Research Uncovers Flaws in Australia's Pre-COVID Quarantine Plan

Deakin

New research by Deakin University has found Australia's COVID-19 quarantine response was seriously let down by the failure to prepare and plan for isolation measures beyond home quarantine.

During the height of the pandemic, federal, state and territory governments were managing 22 hastily established quarantine pathways, including the highly contentious hotel quarantine system, but none had been planned for or mentioned in pre-existing emergency management plans.

Associate Professor Stéphane Bouchoucha from Deakin's Centre for Innovation in Infectious Disease and Immunology Research (CIIDIR) and the Institute for Health Transformation (IHT) said it was concerning there was no blueprint to manage such a complex choreography of what would turn out to be the quarantine of more than half a million people.

'We had 22 different types of travellers moving through the mandatory quarantine system, from Australians returning home from interstate and overseas, airline crew, sportspeople and entertainers, unaccompanied children and humanitarian evacuees,' Associate Bouchoucha said.

'They all had different needs and required different levels of support. Given the speed at which mandatory quarantine needed to be put in place across Australia, it is remarkable there were only 27 reported escapes of the virus into the community.'

Mapping Australia's COVID-19 quarantine cohort journeys published today in Infection, Disease and Health found the majority of pre-existing pandemic plans assumed a future pandemic would only require voluntary home quarantine.
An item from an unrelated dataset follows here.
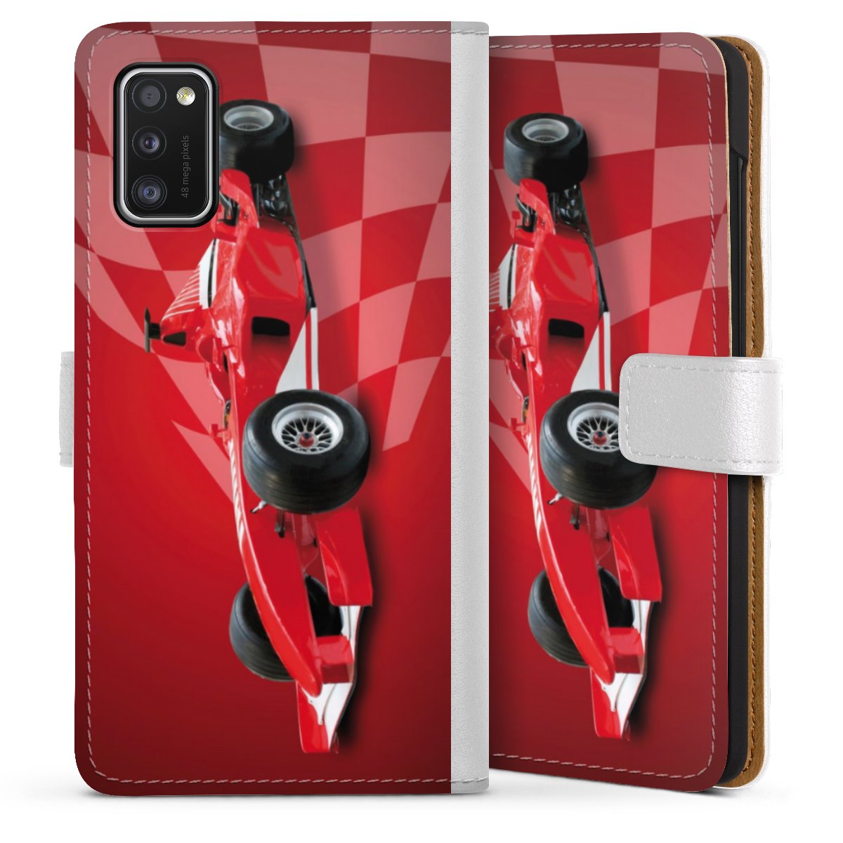 For our Sideflip Case we are using our advanced direct printing technology. The back and frontside are fully printabale, the inside of the phone bag is left unprinted. You can order the phone case without print, printed completely or also with a partial print.

'As we now know, quarantine was needed in a range of public and private locations, and most of these were operating without a plan or framework to guide staff on the ground, Associate Professor Bouchoucha said.

'Documents updated after COVID-19 still do not acknowledge the complexity of quarantine journeys and operations required during a pandemic and 282 recommendations made by post-pandemic inquiries have not yet been implemented.

'Governments must commit to updated pandemic plans to incorporate multiple quarantine locations.

'The plans need to be exercised regularly with quarantine-specific scenarios that vary in scale and duration to ensure quarantine capabilities are tested and capacity failure points are identified and remediated before the next pandemic.

'Reducing the ad-hoc nature of quarantine journeys is essential to managing the risk across the quarantine system.

'The authority and responsibility for quarantine needs to be clarified. Without a problem custodian, no meaningful preparedness can occur, and fragmentation will persist,' Associate Professor Bouchoucha said.